## Your instructions:
Return the data below unchanged. Drop any pictures.

## Material supplied:
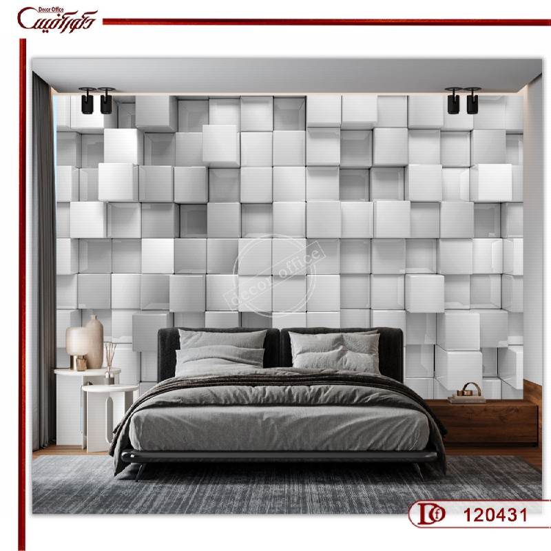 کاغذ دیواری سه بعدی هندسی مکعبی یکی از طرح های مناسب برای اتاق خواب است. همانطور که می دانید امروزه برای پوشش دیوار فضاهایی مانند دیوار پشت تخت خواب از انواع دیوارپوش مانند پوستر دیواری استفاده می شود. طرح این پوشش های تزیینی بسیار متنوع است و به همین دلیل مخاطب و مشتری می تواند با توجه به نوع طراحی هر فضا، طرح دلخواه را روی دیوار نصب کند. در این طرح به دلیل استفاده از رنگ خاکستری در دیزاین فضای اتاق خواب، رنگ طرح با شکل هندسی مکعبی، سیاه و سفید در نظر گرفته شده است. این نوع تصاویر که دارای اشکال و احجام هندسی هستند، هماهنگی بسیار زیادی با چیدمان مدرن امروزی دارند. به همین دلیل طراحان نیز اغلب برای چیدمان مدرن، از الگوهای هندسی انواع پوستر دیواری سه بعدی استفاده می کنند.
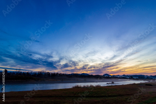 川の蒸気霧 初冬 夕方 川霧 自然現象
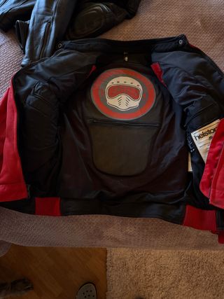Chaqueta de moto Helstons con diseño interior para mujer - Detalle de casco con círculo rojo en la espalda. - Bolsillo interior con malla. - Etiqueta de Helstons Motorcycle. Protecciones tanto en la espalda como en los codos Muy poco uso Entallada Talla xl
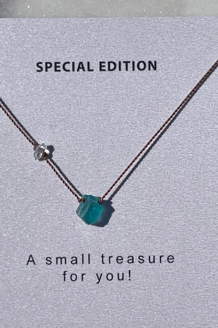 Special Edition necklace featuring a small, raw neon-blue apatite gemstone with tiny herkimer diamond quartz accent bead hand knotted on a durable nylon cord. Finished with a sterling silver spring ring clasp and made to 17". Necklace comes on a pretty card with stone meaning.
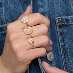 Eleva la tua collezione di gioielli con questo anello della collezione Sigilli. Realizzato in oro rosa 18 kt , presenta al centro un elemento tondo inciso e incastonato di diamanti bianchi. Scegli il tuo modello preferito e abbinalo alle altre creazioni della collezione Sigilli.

## Exercise solution:
 کاغذ دیواری سه بعدی هندسی مکعبی یکی از طرح های مناسب برای اتاق خواب است. همانطور که می دانید امروزه برای پوشش دیوار فضاهایی مانند دیوار پشت تخت خواب از انواع دیوارپوش مانند پوستر دیواری استفاده می شود. طرح این پوشش های تزیینی بسیار متنوع است و به همین دلیل مخاطب و مشتری می تواند با توجه به نوع طراحی هر فضا، طرح دلخواه را روی دیوار نصب کند. در این طرح به دلیل استفاده از رنگ خاکستری در دیزاین فضای اتاق خواب، رنگ طرح با شکل هندسی مکعبی، سیاه و سفید در نظر گرفته شده است. این نوع تصاویر که دارای اشکال و احجام هندسی هستند، هماهنگی بسیار زیادی با چیدمان مدرن امروزی دارند. به همین دلیل طراحان نیز اغلب برای چیدمان مدرن، از الگوهای هندسی انواع پوستر دیواری سه بعدی استفاده می کنند.
 川の蒸気霧 初冬 夕方 川霧 自然現象
Chaqueta de moto Helstons con diseño interior para mujer - Detalle de casco con círculo rojo en la espalda. - Bolsillo interior con malla. - Etiqueta de Helstons Motorcycle. Protecciones tanto en la espalda como en los codos Muy poco uso Entallada Talla xl
 Special Edition necklace featuring a small, raw neon-blue apatite gemstone with tiny herkimer diamond quartz accent bead hand knotted on a durable nylon cord. Finished with a sterling silver spring ring clasp and made to 17". Necklace comes on a pretty card with stone meaning.
 Eleva la tua collezione di gioielli con questo anello della collezione Sigilli. Realizzato in oro rosa 18 kt , presenta al centro un elemento tondo inciso e incastonato di diamanti bianchi. Scegli il tuo modello preferito e abbinalo alle altre creazioni della collezione Sigilli.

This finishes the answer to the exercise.